**Exercise requirements:**
The line containing "Workers work at" and each line after it, through the final line of the data, are to be retyped exactly, with pictures left out.
(The records)
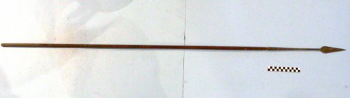 lama a foglia; stelo a sezione non costante tra lama e gorbia; punta a sezione a losanga con nervatura centrale a tutta lama; scanalature decorative su entrambe le facce. Asta non originale, senza puntale.
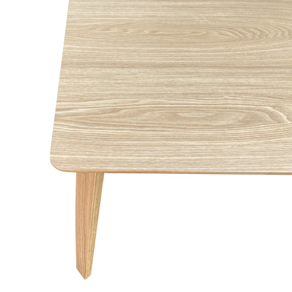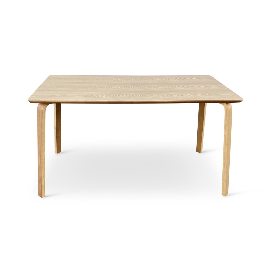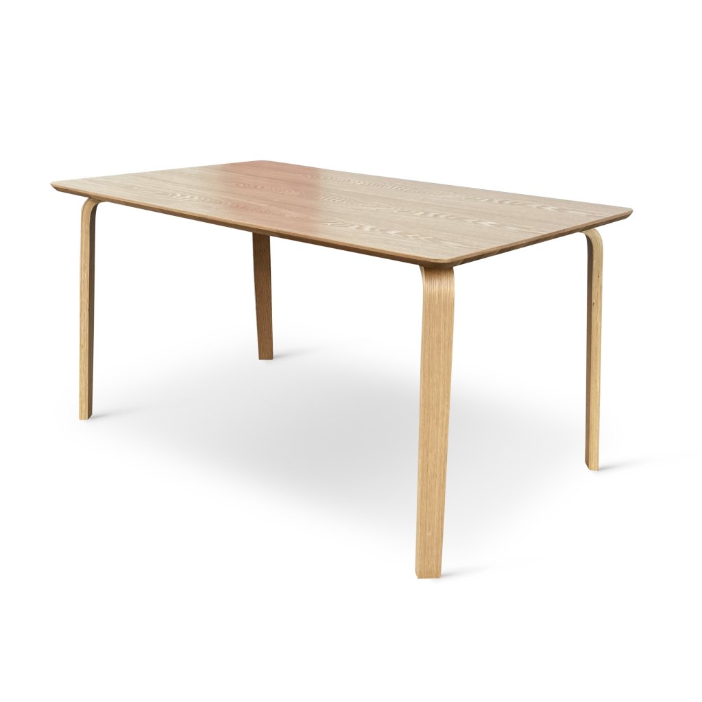 Obdélníkový jídelní stůl o rozměrech 150 x 90 cm vhodný až pro 6 osob. Deska stolu byla vyrobena z dřevovláknité desky potažené dýhou v dekoru dubu. Jedná se o cenově dostupnější materiál, který svým vzhledem imituje masivní dřevo. Moderní vzhled stolu umocňují zahnuté nohy z masivního dubu připevněné ke spodní straně desky.
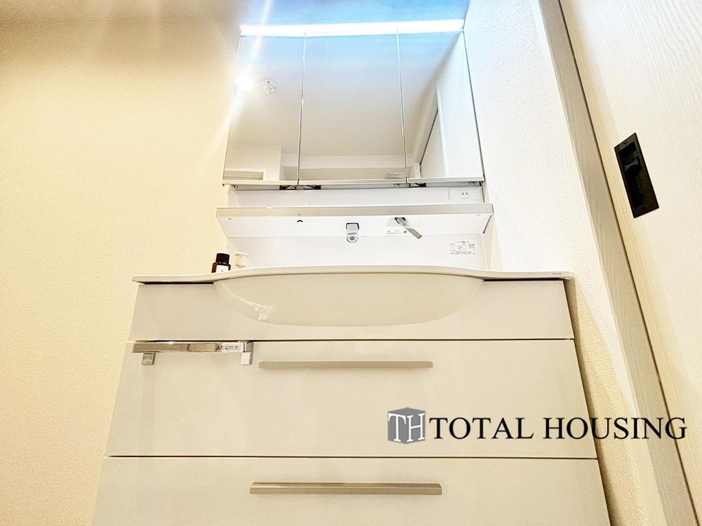 一日の始まりの朝、歯磨きをしたりメイクや髪をセットしたり・・・使いやすさが考えられた3面鏡です♪シャワー付水栓で洗面台でのシャンプーや毎日の掃除に大変便利ですね♪
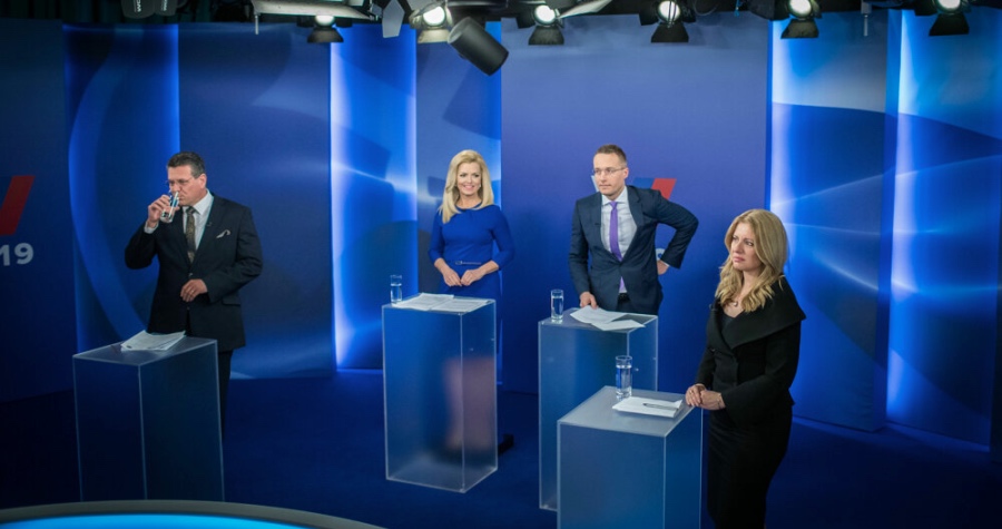 Zuzana Čaputová a Maroš Šefčovič. Pred sobotným druhým kolom prezidentských volieb sa finalisti stretli v utorok večer v priamom televíznom súboji na Markíze. Diskusiu moderovali Michal Kovačič a Zlatica Švajdová Puškárová.
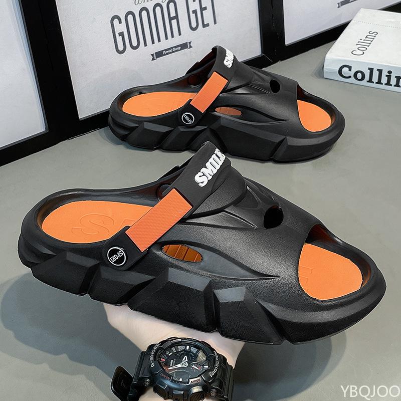 Модные трендовые мужские шлепанцы из ЭВА для улицы Новые летние спортивные пляжные противоскользящие с толстой подошвой контрастного цвета повседневные мужские сандалии
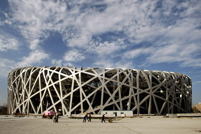 Workers work at the construction site of the National Olympic Stadium, also known as the Bird's Nest, in Beijing September 29, 2007. [Reuters]
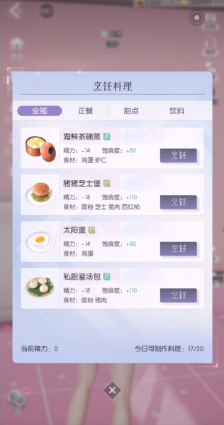 然后点击左上角”饿扁了“,选择要烹饪的料理;
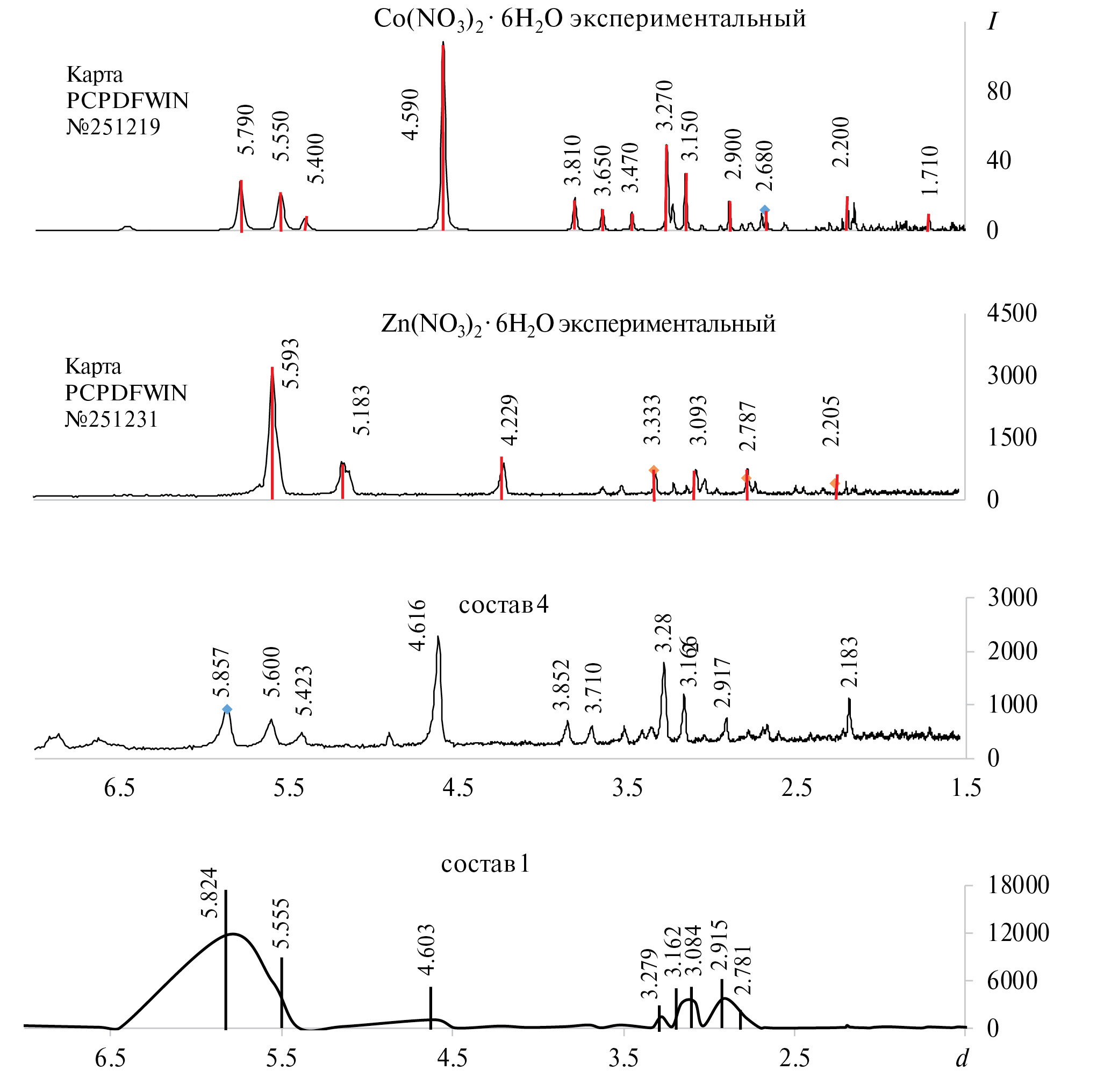 Во 2 серии синтезов ожидаемого разложения нитратов цинка и кобальта не произошло. Это подтверждается экспериментальными дифрактограммами, представленными на рис. 3. Значения межплоскостных расстояний dрасч близки к табличным значениям dэтал кристаллогидратов Zn(NO3)2∙6H2O и Co(NO3)2∙6H2O, взятых из базы данных PCPDFWIN [5].
(End The records)
**Response below:**
 Workers work at the construction site of the National Olympic Stadium, also known as the Bird's Nest, in Beijing September 29, 2007. [Reuters]
 然后点击左上角”饿扁了“,选择要烹饪的料理;
 Во 2 серии синтезов ожидаемого разложения нитратов цинка и кобальта не произошло. Это подтверждается экспериментальными дифрактограммами, представленными на рис. 3. Значения межплоскостных расстояний dрасч близки к табличным значениям dэтал кристаллогидратов Zn(NO3)2∙6H2O и Co(NO3)2∙6H2O, взятых из базы данных PCPDFWIN [5].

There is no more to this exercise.